If this scenario comes to pass, it will further shift wealth from a large pool of workers to a small group of investors and highly skilled professionals.
Other economists, including Nobel Prize laureates, have in recent weeks published articles in their own areas of expertise about the dysfunction that made it possible for most of the growth of the past two decades to be funneled to the top 10% (or less) of the population, while everyone else remained in place, at best.
Even U.S. President Barack Obama, who is not in Davos this week, recently said he would devote the rest of his term to closing income gaps and broadening opportunities for the poor. That’s a major commitment from a president who cannot be elected to a third term and therefore has no need to spout populist rhetoric he doesn’t believe.
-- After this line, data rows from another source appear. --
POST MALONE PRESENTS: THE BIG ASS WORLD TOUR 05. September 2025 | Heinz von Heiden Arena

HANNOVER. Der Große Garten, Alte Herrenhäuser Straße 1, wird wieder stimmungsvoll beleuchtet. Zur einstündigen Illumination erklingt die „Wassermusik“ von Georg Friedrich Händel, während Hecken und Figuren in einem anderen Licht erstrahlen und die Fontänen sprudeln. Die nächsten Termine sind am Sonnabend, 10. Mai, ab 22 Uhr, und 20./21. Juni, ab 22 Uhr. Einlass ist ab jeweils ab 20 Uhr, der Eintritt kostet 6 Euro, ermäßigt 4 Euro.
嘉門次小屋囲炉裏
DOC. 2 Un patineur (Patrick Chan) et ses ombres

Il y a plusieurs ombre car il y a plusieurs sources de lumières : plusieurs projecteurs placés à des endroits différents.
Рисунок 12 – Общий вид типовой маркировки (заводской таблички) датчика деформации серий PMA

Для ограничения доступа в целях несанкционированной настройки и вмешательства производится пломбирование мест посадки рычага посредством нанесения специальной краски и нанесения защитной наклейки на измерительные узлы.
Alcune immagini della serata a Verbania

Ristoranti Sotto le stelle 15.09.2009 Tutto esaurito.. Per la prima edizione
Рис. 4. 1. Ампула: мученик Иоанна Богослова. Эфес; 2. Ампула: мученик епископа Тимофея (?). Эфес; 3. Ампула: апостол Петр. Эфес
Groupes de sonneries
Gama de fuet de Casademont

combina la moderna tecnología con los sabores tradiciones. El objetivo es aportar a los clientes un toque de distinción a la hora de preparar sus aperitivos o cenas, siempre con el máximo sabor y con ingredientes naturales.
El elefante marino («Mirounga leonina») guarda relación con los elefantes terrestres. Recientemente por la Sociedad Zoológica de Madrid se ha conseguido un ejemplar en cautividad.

Presumably, because Israel seems to have more pressing problems income inequality has not been taken to heart here as in other Western countries. Obama spoke about issues that Israelis can relate to – trying to make ends meet, paying the mortgage, ensuring livable pensions, being able to help one’s children. All that was lacking in Obama’s speech was talk of the cost of living, but in America almost everything is much cheaper than in Israel – even the hummus from Israeli companies.
Nearly all the problems and risks that concern the average Israeli are pocketbook issues that go beyond the individual. High housing prices, for example, funnels capital to those who own land and properties, at the expense of everyone else. Food is expensive here because of the lack of competition and the endless barriers to cheaper imports, all of which increases the profits of the handful of big players.
The issue of inequality raises a number of socioeconomic questions in principle. At what stage will the public no longer tolerate these widening disparities? Will the public demand a cap on wealth accumulation, for example through higher income and inheritance taxes? Will the public demand that a distinction be made between individuals whose wealth was the product of their own talents and those who amassed it through monopolistic control and the other tricks involved in feeding at the public trough?
Will public frustration in Israel over inequality burst forth again with greater force, requiring politicians to institute reforms instead of giving in to interest groups and party central committees, as in the past? Will Israelis come to recognize that the “club” that controls broad segments of the economy, in both the private and public sectors, is profiting from a system that it built rather than from any added value it has created?
For those who are profiting from the current arrangement, the most effective way to deal with critics is to divert the discussion away from practicalities and into economic philosophy. “Do we want to punish success and chase away talent?” they will ask. “Do we want to encourage dependence and laziness?” The response is “Of course not.” And if that’s true, the corollary is that the existing order should not be changed.
Such an approach works fairly well on the Israeli public, as does the argument that we are currently preoccupied with matters of survival and defense and don’t have the luxury to carry out social experiments. In the rest of the democratic world, people now recognize that the current system is excluding too many people from the cycle of growth; that too large a piece of the economic pie is going to too few individuals; and that the system needs to be revised. Even the world’s leaders and those in the top 1% recognize the current trend, which is something that still cannot be said about the Israeli public and most of the politicians in this country.